Through a series of quotas, tariffs, and programs that guarantee loans to producers, the U.S. has protected its sugar industry from the vagaries of free trade since 1789. Today, those programs have resulted in U.S. sugar prices being 20% higher than the world average. Now the government wants you to pay even more.
The Commerce Department has determined that sugar imported from Mexico is enjoying benefits from government subsidy that are hurting U.S. producers, so it plans to slap tariffs on the sweetener that could be as high as 17%, according to sources Reuters talked to.
One lump or two?
Over the years, because of protectionist government policies, U.S. sugar prices have on average far exceeded the world's. And though the gap narrowed in 2013, which undoubtedly upset producers, over the first seven months of this year the gap has widened substantially once more. Mind you, a few years back, when sugar prices were soaring, there was no similar complaint from the industry about the "volatility" they were enjoying.
Alexander & Baldwin (NYSE:ALEX), whose Hawaiian Commercial & Sugar produced over 190,000 tons of sugar in 2013, saw its second-quarter revenues tumble 31.5% from the year-ago period because of lower prices. Operating margins plunged from 19.1% in 2013 to just 1.3% this year.
Losing our sweet tooth
Yet as the chart below shows, even as we've been paying more for sugar at the checkout, consumption from all sources of sweeteners is falling. Our sweet tooth peaked in 1999 and has been declining ever since.
What the sugar producers are asking then is that consumers pay even more because we're eating less. While subsidized Mexican sugar may indeed be part of the problem, it's a law of economics that falling demand will also cause prices to drop, but after several hundred years of being coddled, producers have apparently forgotten that Economics 101 lesson. They're complaining even though the loan guarantees, quotas, and tariffs ensure they won't receive any less than around $0.21 per pound.
Further, the sugar being imported into the U.S. is largely estandar sugar, or a raw, less refined product that's not really available in the U.S. It's not easy to make price comparisons between the two products, so to say Mexican imports are the cause of falling prices here may be a specious argument to make.
A spoonful of sugar isn't helping the medicine go down
Slapping new tariffs on sugar will have far-reaching effects. Everyone from snack food and candy makers to cereal companies and soda jerks will feel the pinch.
Chocolate maker Hershey (NYSE:HSY), which saw a 290-basis-point increase in profit margins in last year's second quarter as a result of lower commodity costs, now says the situation is reversing and rising costs forced it to raise its prices to protect margins. It's expecting them to continue rising this year and is forecasting adjusted gross margins that will be lower than they were in 2013.
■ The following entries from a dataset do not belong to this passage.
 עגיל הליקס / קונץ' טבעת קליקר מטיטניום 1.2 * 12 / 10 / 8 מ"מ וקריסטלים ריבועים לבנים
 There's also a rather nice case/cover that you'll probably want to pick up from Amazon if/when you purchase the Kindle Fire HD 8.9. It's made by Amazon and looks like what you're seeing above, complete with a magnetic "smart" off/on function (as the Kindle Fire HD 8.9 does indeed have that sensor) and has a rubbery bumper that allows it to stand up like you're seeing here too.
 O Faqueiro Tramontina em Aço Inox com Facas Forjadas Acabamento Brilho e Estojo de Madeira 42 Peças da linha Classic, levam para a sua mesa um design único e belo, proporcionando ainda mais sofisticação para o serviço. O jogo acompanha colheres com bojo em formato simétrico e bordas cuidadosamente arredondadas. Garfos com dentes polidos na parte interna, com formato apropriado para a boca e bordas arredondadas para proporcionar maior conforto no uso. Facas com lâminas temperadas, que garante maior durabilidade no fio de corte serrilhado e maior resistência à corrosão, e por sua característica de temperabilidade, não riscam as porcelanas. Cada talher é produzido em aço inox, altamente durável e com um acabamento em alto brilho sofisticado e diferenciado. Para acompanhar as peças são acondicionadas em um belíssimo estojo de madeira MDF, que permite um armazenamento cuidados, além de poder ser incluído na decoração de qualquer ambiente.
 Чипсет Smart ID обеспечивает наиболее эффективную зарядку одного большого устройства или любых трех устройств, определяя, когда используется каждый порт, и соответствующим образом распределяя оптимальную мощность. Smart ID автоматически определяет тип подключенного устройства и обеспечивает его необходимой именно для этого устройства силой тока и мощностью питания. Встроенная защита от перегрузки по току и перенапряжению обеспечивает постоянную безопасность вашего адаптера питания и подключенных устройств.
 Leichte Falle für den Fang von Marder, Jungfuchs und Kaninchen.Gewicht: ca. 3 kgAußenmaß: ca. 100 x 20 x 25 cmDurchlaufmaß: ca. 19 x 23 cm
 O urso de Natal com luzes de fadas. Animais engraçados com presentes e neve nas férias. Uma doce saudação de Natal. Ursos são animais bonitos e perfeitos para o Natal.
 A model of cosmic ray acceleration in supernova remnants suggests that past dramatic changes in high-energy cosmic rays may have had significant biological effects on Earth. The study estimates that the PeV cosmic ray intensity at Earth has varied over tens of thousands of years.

Worse, according to Commerce Department data from 2006, for every job in the sugar industry saved, three in the candy business are lost.
Flat like day-old soda
It's also a cost that Coca-Cola (NYSE:KO) and PepsiCo (NYSE:PEP) really can't afford to pay right now. Soda consumption is already on the decline and raising prices to meet the higher costs won't endear them any more to consumers.
Diet Coke volumes have been in freefall for the past decade as concerns over artificial sweeteners like aspartame and high fructose corn syrup created a backlash and sent sales tumbling. Pepsi, as well, was caught up in the vortex, and its diet beverage sales have witnessed similarly distressing declines.
Coke has been trying to find alternatives to the artificial sweeteners and just recently introduced into the U.S. a stevia-based soda, Coca-Cola Life, that offers a blend of real sugar and the plant-based sweetener. However, when it infused its Vitaminwater with stevia, drinkers revolted over the changed taste profile and Coke quickly dropped it. Consumers could recoil just as fast with the lower-calorie soda, but having to raise prices just as its trying to introduce the product likely wouldn't set well.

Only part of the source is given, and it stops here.